Stored data:
▶
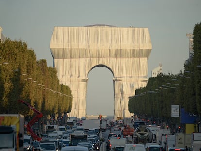 El icónico monumento de París permanecerá cubierto hasta el 3 de octubre en el montaje póstumo de esta obra que los artistas comenzaron a proyectar en 1962
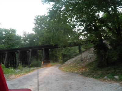 The road narrowed to less than one lane and just as we started under the tressel a car came roaring up so Ron backed up so she could get through!  So glad she didn’t hit us head on.
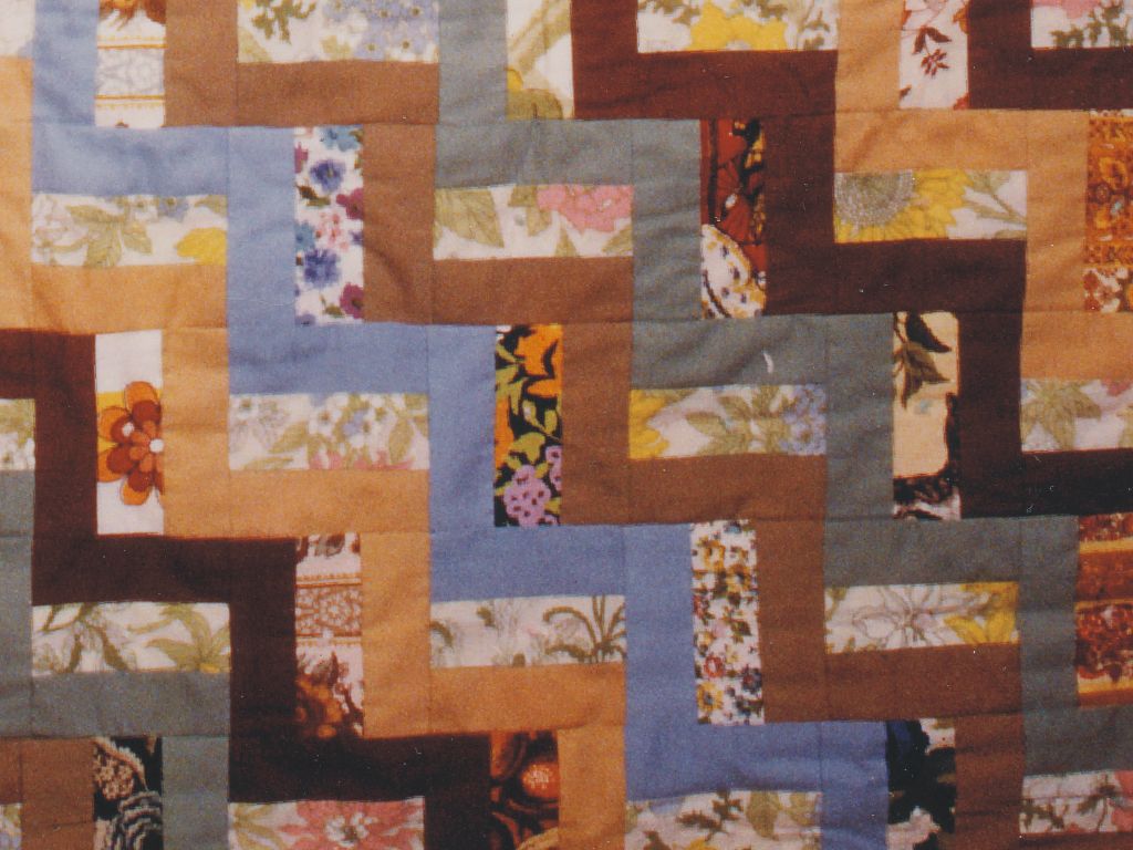 This is my very first quilt, made in 1976. I didn't know very much about quilts or how to make them, so I made a single template out of cardboard and cut out each piece with scissors. The print fabrics are drapery samples from a book of discontinued wallpaper samples. The solid fabrics are heavy "trigger" cotton/poly blends. I laid out the pieces like a knitting pattern and began to sew. The whole quilt was made with 5/8" seam allowances, and when I started to sew the rows together I discovered that accurate cutting and seaming might have made the task easier. I didn't know how to quilt, so I tied it with knitting yarn, using a sheet as a backing. Instead of batting I used an old, very used-up quilt that had been made by my husband's grandmother. It was filled with layers of thin, white, wool, knitted fabric, which I can only conclude, must have been worn out long underwear. The finished patchwork comforter weighs about fifteen pounds, and is very warm even on the coldest nights. |
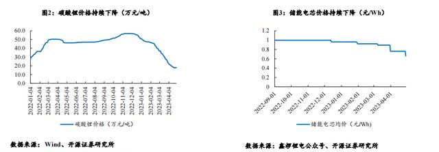 碳酸鋰降價大背景下,儲能電站經濟性改善有望推動電站裝機持續放量。受電動汽車需求萎縮影響,碳酸鋰價格由2022年末 高點的57萬元/噸持續下跌,到2023年4月碳酸鋰價格最低已跌至17.65萬元/噸,相比最高點價格下滑68.9%。碳酸鋰價格下同 樣帶動儲能電芯售價持續下降。截至2023年4月28日,儲能電芯均價已跌至0.66元/Wh,相比此前的價格高點已經降低了33.7%。 儲能電芯作為鋰電儲能系統當中的主要零部件成分,其價格走低有望進一步降低鋰電儲能系統成本提升儲能電站運營的經濟 性,刺激終端業主的裝機需求。成本下行大背景下,全球儲能裝機有望持續走高。
◀
What to produce:
Return the full listing exactly as written, without any of its images.

Answer box:
 El icónico monumento de París permanecerá cubierto hasta el 3 de octubre en el montaje póstumo de esta obra que los artistas comenzaron a proyectar en 1962
 The road narrowed to less than one lane and just as we started under the tressel a car came roaring up so Ron backed up so she could get through!  So glad she didn’t hit us head on.
 This is my very first quilt, made in 1976. I didn't know very much about quilts or how to make them, so I made a single template out of cardboard and cut out each piece with scissors. The print fabrics are drapery samples from a book of discontinued wallpaper samples. The solid fabrics are heavy "trigger" cotton/poly blends. I laid out the pieces like a knitting pattern and began to sew. The whole quilt was made with 5/8" seam allowances, and when I started to sew the rows together I discovered that accurate cutting and seaming might have made the task easier. I didn't know how to quilt, so I tied it with knitting yarn, using a sheet as a backing. Instead of batting I used an old, very used-up quilt that had been made by my husband's grandmother. It was filled with layers of thin, white, wool, knitted fabric, which I can only conclude, must have been worn out long underwear. The finished patchwork comforter weighs about fifteen pounds, and is very warm even on the coldest nights. |
 碳酸鋰降價大背景下,儲能電站經濟性改善有望推動電站裝機持續放量。受電動汽車需求萎縮影響,碳酸鋰價格由2022年末 高點的57萬元/噸持續下跌,到2023年4月碳酸鋰價格最低已跌至17.65萬元/噸,相比最高點價格下滑68.9%。碳酸鋰價格下同 樣帶動儲能電芯售價持續下降。截至2023年4月28日,儲能電芯均價已跌至0.66元/Wh,相比此前的價格高點已經降低了33.7%。 儲能電芯作為鋰電儲能系統當中的主要零部件成分,其價格走低有望進一步降低鋰電儲能系統成本提升儲能電站運營的經濟 性,刺激終端業主的裝機需求。成本下行大背景下,全球儲能裝機有望持續走高。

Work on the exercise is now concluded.